- _What the task requires_
The expected response is the full listing, retyped exactly, without its images.

- _Supplied information_
--- START ---

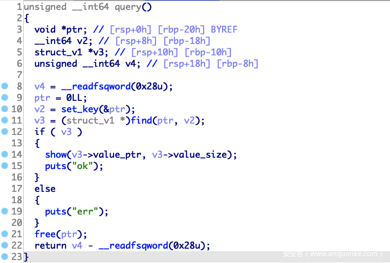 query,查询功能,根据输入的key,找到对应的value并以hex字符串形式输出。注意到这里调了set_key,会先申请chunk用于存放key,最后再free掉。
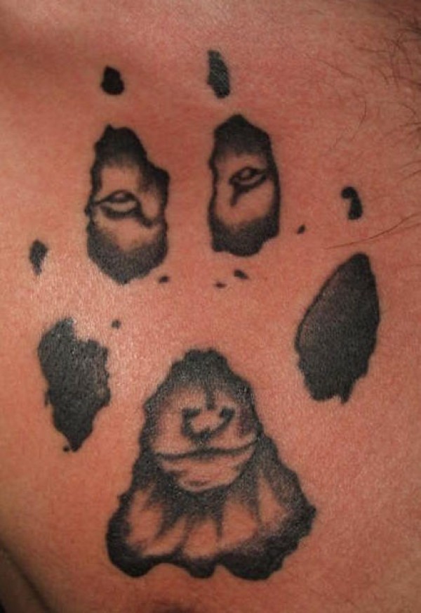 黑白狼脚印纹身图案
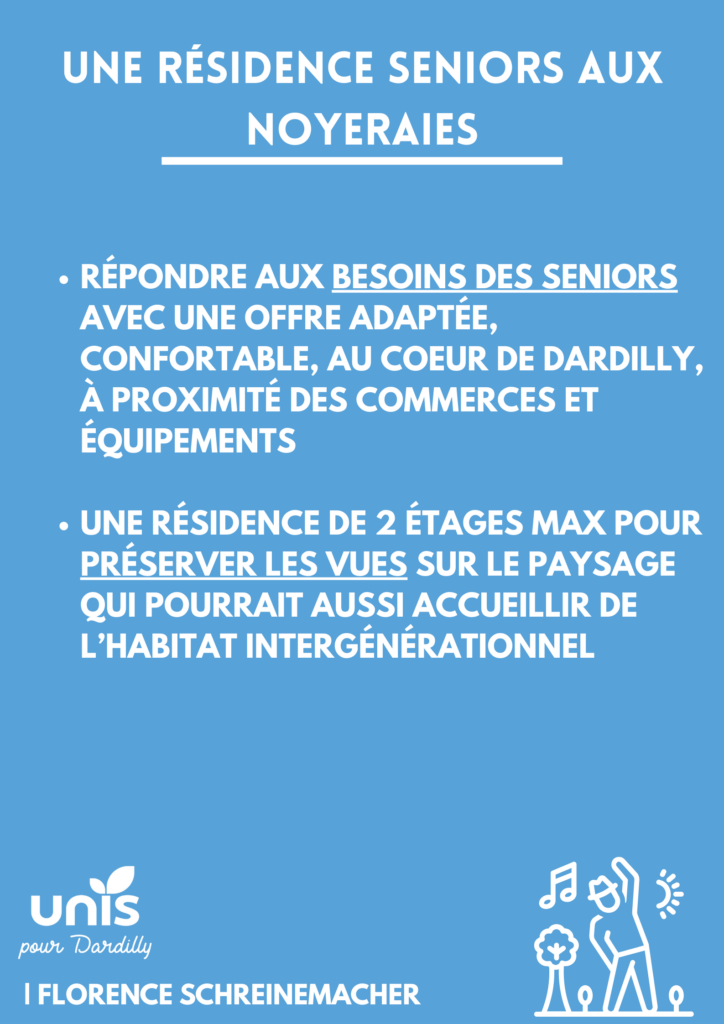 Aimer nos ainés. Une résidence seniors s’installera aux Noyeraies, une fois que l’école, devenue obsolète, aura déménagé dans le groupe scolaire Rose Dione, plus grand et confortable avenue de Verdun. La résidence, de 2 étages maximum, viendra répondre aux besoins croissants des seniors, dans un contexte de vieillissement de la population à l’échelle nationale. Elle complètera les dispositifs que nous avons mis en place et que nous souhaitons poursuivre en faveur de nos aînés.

--- END ---

- _Answer space_
 query,查询功能,根据输入的key,找到对应的value并以hex字符串形式输出。注意到这里调了set_key,会先申请chunk用于存放key,最后再free掉。
 黑白狼脚印纹身图案
 Aimer nos ainés. Une résidence seniors s’installera aux Noyeraies, une fois que l’école, devenue obsolète, aura déménagé dans le groupe scolaire Rose Dione, plus grand et confortable avenue de Verdun. La résidence, de 2 étages maximum, viendra répondre aux besoins croissants des seniors, dans un contexte de vieillissement de la population à l’échelle nationale. Elle complètera les dispositifs que nous avons mis en place et que nous souhaitons poursuivre en faveur de nos aînés.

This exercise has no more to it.